--- Dataset excerpt ---
☆ ☆ ☆ ☆ ☆
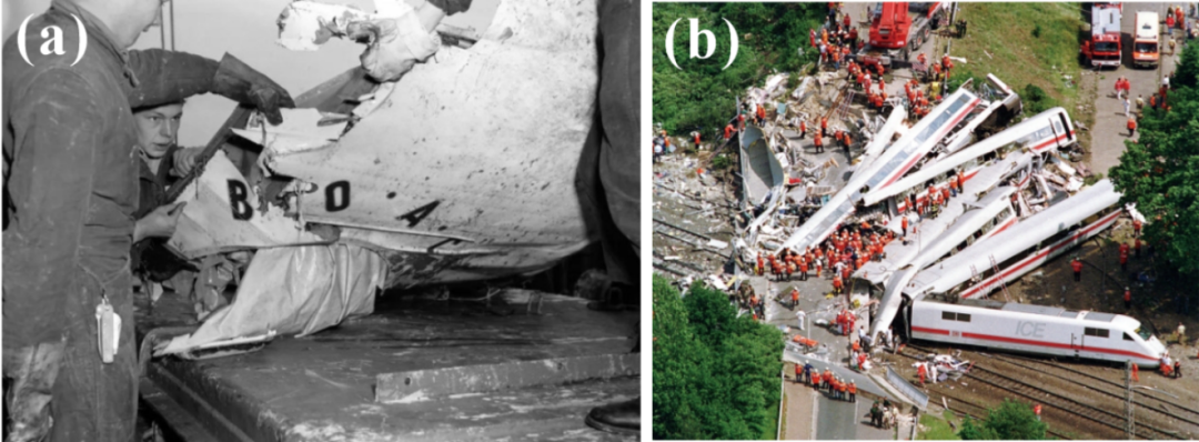 ▲圖1 疲勞失效相關案例:(a)“彗星”號客機殘骸;(b)德國高鐵“ICE 884號”事故照片。圖片來源:(a)https://mp.weixin.qq.com/s/dMWZObGCwHXUl6cuZLqO9g;(b) http://www.kepu.net.cn/blog/imech/201904/t20190401_478648.html目前,為了評價工程構件及各種材料的疲勞可靠性,人們往往依據ASTM、GB等現行測試標準來進行測試,大量長時間的疲勞測試需要采用足夠數量的疲勞試樣進行,以獲得材料的應力幅-壽命曲線和疲勞極限,這種既耗時又耗材的疲勞測試方法在工業界和實驗室已使用了近百年。然而,隨著航空航天、信息、能源、生物醫用及人工智能等高科技領域的飛速發展,低成本、高效率地評價工程材料與構件的疲勞性能、預測在役構件疲勞壽命等需求日益迫切。近期,中國科學院金屬研究所沈陽材料科學國家研究中心的張廣平團隊在前期小尺度材料疲勞行為研究的基礎上,提出了材料疲勞性能需要高通量并快速地進行評價這一理念,設計并建立了一種能夠同時對多個小微試樣進行對稱彎曲疲勞加載測試的系統(圖2),并在系統上對核電、高鐵、汽車等領域用的幾種典型工程材料進行了高通量疲勞測試。該實驗通過對比和計算模擬進行了驗證,建立了材料疲勞性能的高通量測試技術和方法。相關研究以The high-throughput bridge to the rapid evaluation of fatigue reliability of structural engineering materials 為題發表在《國際疲勞雜志》上。
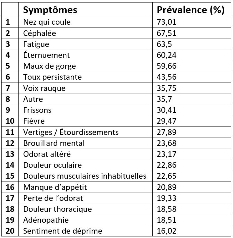 D’après les données recueillies par le ZOE Covid Study au Royaume Uni (réalisé par le King’s College et le National Health Service), les symptômes les plus fréquemment observés lors d’une infection par omicron sont : Voir : Spector T. What are the symptoms of omicron? The Conversation, 11 janvier 2022.
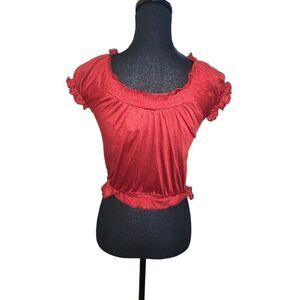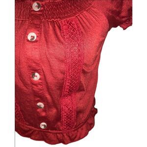 Maroon crew neck cropped top. Ruffled sleeves. Buttons as decoration. 55% polyester, 42% cotton, 3% spandex. Size: 8. Original price: $58.00. NWT.
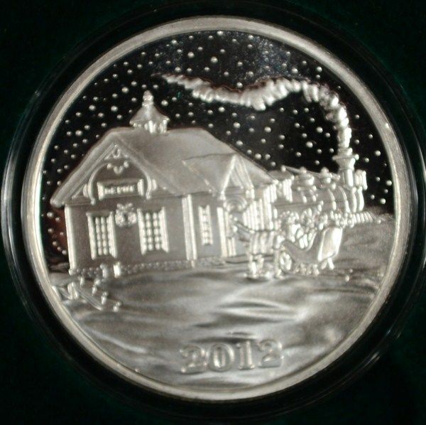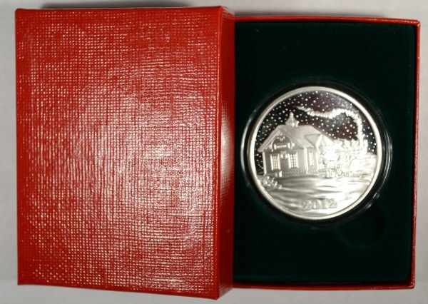 TRAIN AND SLEIGH AT TRAIN DEPOT WITH SNOW SCENE ON A HIGH QUALITY ART BAR WITH PLASTIC CAPSULE AND RED GIFT BOX MAKES THE PERFECT GIFT, EST. $60.00 TO $65.00
☆ ☆ ☆ ☆ ☆
--- What to do ---
Pictures aside, give the data again exactly as it appears.

--- Answer space ---
 ▲圖1 疲勞失效相關案例:(a)“彗星”號客機殘骸;(b)德國高鐵“ICE 884號”事故照片。圖片來源:(a)https://mp.weixin.qq.com/s/dMWZObGCwHXUl6cuZLqO9g;(b) http://www.kepu.net.cn/blog/imech/201904/t20190401_478648.html目前,為了評價工程構件及各種材料的疲勞可靠性,人們往往依據ASTM、GB等現行測試標準來進行測試,大量長時間的疲勞測試需要采用足夠數量的疲勞試樣進行,以獲得材料的應力幅-壽命曲線和疲勞極限,這種既耗時又耗材的疲勞測試方法在工業界和實驗室已使用了近百年。然而,隨著航空航天、信息、能源、生物醫用及人工智能等高科技領域的飛速發展,低成本、高效率地評價工程材料與構件的疲勞性能、預測在役構件疲勞壽命等需求日益迫切。近期,中國科學院金屬研究所沈陽材料科學國家研究中心的張廣平團隊在前期小尺度材料疲勞行為研究的基礎上,提出了材料疲勞性能需要高通量并快速地進行評價這一理念,設計并建立了一種能夠同時對多個小微試樣進行對稱彎曲疲勞加載測試的系統(圖2),并在系統上對核電、高鐵、汽車等領域用的幾種典型工程材料進行了高通量疲勞測試。該實驗通過對比和計算模擬進行了驗證,建立了材料疲勞性能的高通量測試技術和方法。相關研究以The high-throughput bridge to the rapid evaluation of fatigue reliability of structural engineering materials 為題發表在《國際疲勞雜志》上。
 D’après les données recueillies par le ZOE Covid Study au Royaume Uni (réalisé par le King’s College et le National Health Service), les symptômes les plus fréquemment observés lors d’une infection par omicron sont : Voir : Spector T. What are the symptoms of omicron? The Conversation, 11 janvier 2022.
 Maroon crew neck cropped top. Ruffled sleeves. Buttons as decoration. 55% polyester, 42% cotton, 3% spandex. Size: 8. Original price: $58.00. NWT.
 TRAIN AND SLEIGH AT TRAIN DEPOT WITH SNOW SCENE ON A HIGH QUALITY ART BAR WITH PLASTIC CAPSULE AND RED GIFT BOX MAKES THE PERFECT GIFT, EST. $60.00 TO $65.00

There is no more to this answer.